Work required
In the listing below, find every line with the string "contrast" and pull it out.

Records shown
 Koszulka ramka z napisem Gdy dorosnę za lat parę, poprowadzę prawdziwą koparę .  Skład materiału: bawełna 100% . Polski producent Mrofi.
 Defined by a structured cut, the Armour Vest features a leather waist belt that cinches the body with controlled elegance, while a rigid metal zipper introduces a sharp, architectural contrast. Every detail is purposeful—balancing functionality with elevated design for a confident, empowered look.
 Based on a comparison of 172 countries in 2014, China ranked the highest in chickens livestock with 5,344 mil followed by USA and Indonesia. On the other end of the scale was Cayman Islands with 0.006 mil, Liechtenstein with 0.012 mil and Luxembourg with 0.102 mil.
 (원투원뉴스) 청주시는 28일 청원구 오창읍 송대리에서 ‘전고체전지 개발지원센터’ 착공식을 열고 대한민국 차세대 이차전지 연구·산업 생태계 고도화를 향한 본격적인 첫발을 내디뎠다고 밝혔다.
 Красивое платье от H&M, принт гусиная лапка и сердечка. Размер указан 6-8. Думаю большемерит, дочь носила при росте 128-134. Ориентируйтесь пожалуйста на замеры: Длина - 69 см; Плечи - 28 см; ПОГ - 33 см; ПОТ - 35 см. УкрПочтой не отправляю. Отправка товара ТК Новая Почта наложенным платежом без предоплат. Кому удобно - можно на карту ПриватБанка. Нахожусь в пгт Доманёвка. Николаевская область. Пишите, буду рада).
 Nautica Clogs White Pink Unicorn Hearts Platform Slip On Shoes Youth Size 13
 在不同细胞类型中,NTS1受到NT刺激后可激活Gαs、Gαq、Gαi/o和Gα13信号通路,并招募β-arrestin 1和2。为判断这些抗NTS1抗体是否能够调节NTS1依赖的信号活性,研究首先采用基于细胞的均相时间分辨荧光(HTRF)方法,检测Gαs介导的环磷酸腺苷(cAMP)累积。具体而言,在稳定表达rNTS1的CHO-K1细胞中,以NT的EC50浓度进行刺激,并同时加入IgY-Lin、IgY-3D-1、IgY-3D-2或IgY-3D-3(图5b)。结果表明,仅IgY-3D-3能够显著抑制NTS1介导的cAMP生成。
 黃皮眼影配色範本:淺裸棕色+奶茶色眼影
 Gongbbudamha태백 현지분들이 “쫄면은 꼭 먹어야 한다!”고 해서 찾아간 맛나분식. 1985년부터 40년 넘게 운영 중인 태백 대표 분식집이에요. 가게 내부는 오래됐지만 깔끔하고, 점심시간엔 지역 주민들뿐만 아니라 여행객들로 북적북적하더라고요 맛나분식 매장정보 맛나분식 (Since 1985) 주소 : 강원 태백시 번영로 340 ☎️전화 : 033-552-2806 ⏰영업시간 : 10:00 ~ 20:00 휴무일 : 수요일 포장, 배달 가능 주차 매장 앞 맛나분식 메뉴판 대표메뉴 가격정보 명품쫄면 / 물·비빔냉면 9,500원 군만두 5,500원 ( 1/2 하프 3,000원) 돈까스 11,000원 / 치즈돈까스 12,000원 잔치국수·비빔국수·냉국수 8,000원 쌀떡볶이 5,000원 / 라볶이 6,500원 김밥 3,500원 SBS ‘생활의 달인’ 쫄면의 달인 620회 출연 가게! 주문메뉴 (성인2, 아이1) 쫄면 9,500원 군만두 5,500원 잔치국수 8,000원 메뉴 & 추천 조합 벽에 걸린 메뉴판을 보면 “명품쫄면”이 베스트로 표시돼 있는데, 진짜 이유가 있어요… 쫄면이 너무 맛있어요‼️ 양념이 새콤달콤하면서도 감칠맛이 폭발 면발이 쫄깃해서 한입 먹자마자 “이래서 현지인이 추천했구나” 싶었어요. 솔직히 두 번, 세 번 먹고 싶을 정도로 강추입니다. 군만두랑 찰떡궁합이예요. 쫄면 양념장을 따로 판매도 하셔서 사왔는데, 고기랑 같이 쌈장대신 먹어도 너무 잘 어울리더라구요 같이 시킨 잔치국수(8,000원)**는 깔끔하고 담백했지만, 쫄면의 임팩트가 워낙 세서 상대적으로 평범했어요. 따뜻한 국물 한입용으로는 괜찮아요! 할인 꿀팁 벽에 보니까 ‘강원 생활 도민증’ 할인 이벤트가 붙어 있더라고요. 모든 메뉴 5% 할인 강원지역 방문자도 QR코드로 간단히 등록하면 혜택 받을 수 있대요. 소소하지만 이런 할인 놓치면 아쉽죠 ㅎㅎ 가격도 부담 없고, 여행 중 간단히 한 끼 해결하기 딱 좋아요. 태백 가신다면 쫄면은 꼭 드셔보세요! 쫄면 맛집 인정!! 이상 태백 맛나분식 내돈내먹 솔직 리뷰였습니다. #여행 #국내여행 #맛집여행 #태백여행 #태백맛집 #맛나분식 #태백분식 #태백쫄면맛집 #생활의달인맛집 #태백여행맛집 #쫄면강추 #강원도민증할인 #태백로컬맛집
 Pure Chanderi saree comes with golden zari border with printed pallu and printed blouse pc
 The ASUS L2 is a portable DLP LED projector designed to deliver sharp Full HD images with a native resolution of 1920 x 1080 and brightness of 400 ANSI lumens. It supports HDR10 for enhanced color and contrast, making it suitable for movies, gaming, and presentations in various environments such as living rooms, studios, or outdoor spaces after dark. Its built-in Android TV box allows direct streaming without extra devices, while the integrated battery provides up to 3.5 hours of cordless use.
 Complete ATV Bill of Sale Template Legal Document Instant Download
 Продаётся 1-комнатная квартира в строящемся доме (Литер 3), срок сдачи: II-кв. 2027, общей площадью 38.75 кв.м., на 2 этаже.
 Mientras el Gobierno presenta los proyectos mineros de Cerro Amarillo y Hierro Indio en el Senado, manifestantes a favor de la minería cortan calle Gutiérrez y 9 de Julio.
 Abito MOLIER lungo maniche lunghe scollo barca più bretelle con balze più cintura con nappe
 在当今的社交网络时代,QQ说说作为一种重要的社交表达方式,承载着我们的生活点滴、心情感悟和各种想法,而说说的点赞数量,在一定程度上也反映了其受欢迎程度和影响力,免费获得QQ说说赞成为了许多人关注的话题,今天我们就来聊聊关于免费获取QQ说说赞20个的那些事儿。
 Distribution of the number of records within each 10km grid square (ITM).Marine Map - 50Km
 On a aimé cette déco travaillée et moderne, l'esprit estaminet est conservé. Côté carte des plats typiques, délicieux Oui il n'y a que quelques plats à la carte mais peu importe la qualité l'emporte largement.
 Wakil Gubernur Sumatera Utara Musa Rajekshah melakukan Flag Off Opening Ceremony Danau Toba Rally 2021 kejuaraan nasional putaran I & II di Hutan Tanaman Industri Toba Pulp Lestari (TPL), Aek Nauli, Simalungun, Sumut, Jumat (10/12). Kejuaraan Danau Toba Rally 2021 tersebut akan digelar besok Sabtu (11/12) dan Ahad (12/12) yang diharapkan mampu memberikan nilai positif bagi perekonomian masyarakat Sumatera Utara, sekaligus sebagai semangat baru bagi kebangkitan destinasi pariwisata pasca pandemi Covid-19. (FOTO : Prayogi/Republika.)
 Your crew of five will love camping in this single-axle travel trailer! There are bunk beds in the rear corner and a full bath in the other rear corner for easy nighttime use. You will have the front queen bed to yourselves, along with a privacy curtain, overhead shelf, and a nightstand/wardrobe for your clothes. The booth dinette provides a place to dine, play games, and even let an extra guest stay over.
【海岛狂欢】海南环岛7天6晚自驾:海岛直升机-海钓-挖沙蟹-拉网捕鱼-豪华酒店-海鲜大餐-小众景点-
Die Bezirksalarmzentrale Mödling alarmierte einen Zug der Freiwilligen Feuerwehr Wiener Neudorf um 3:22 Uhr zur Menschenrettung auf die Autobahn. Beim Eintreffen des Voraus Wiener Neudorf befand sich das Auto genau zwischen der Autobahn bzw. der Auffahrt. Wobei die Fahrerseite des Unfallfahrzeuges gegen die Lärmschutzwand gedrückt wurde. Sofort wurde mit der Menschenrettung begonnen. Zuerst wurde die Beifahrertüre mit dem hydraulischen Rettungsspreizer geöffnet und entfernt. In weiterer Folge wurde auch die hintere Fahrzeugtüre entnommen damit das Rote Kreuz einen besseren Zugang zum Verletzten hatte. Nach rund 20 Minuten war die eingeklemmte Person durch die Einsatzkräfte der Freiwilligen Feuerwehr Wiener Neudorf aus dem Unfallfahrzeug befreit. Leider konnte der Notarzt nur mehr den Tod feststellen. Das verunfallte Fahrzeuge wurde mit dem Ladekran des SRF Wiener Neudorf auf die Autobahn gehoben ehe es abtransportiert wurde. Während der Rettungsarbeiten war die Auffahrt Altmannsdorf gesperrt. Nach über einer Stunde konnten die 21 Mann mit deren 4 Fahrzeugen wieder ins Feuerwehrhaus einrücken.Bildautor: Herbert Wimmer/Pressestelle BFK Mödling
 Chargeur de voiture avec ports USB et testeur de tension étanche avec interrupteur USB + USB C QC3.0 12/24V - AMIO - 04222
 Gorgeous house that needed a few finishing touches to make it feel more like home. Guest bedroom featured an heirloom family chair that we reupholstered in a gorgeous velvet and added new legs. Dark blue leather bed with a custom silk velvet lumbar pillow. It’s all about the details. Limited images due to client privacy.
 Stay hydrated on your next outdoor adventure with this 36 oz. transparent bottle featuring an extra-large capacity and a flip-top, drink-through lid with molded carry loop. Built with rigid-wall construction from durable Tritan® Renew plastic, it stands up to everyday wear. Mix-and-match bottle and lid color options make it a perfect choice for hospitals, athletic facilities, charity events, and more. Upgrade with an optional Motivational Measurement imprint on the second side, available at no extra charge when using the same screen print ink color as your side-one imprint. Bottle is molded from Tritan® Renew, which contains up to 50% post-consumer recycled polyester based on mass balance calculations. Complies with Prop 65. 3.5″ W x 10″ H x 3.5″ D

Task output
 Defined by a structured cut, the Armour Vest features a leather waist belt that cinches the body with controlled elegance, while a rigid metal zipper introduces a sharp, architectural contrast. Every detail is purposeful—balancing functionality with elevated design for a confident, empowered look.
 The ASUS L2 is a portable DLP LED projector designed to deliver sharp Full HD images with a native resolution of 1920 x 1080 and brightness of 400 ANSI lumens. It supports HDR10 for enhanced color and contrast, making it suitable for movies, gaming, and presentations in various environments such as living rooms, studios, or outdoor spaces after dark. Its built-in Android TV box allows direct streaming without extra devices, while the integrated battery provides up to 3.5 hours of cordless use.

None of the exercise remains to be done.